Explanation:
"As whom the fables name of monstrous size,
Titanian or Earth-born, that warred on Jove,
Briaroes or Typhon, whom the den
By ancient Tarsus held, or that sea beast
Leviathan, which God of all his works
Created hugest that swim th'ocean stream."
Or,
"Him, haply, slumbering on the Norway foam,
The pilot of some small night-foundered skiff,
Deeming some island, oft, as seamen tell,
With fixed anchor in his scaly rind,
Moors by his side under the lee, while night
Invests the sea, and wished morn delays:"
(Lines 204-209)
Answer: These lines are taken from 'Paradise Lost' Book I of John Milton, the great epic poet in English literature.

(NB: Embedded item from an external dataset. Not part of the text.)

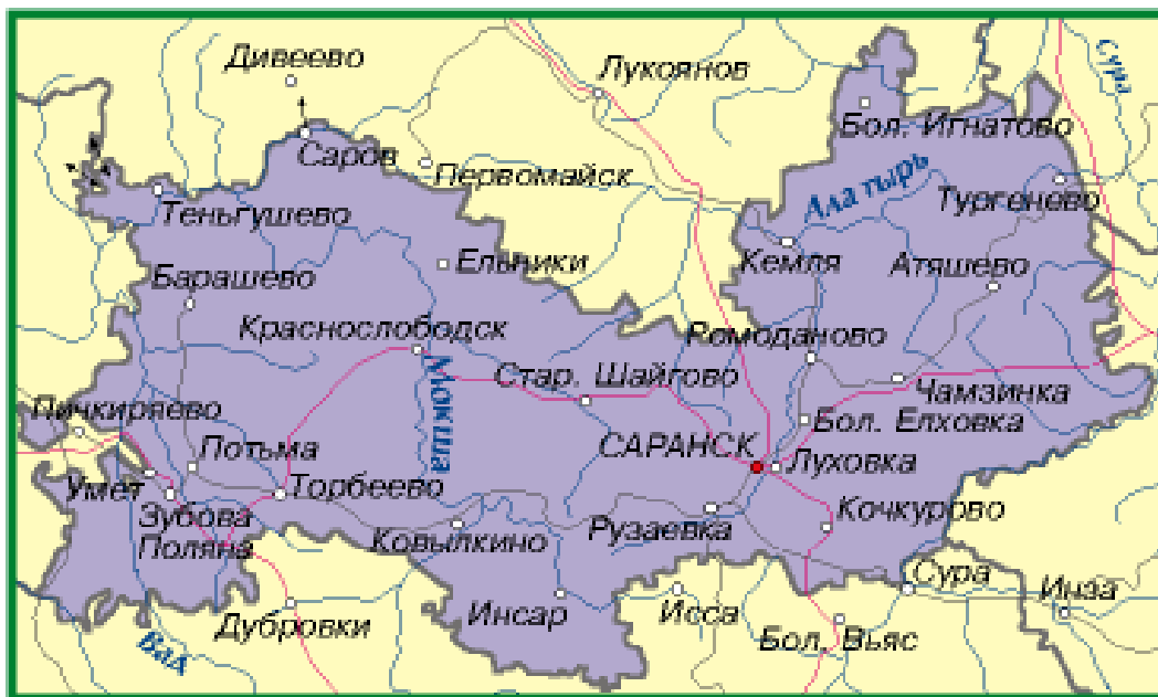
Рис. 1. Территория Республики Мордовии.

степени активизировавшееся на фоне реалий современной политической и экономической обстановки, выезд для городских жителей страны на выходные за пределы своих населенных пунктов становится одним из элементов стиля жизни. Данное направление является перспективным не только для местных жителей, но и гостей республики.

The poet here describes the gigantic body of Satan by means of an epic simile. He compares Satan to a Titan, who, according to fables, was of monstrous size and the child of Earth. Extending the simile further Milton says that Leviathan which in the Bible signifies sometimes a great snake, sometimes a dragon and sometimes a crocodile, was identified with the whale by most seventeenth-century Bibles. According to many legends, the slumbering Leviathan on the foamy Norwegian sea is mistaken for an island by the pilots of benighted boats. They fix the anchor on the Leviathan's hard scales and tie their boats under the impression that they are on a safe island for the night and will resume their voyage when the day breaks. Deceived as they are, the morning does not arrive according to their expectation and seems to be over-delayed.
In this epic simile used by Milton in the Homeric tradition, the poet appropriately compares Satan to the Leviathan. The point of comparison is both their gigantic size and their deceptive nature.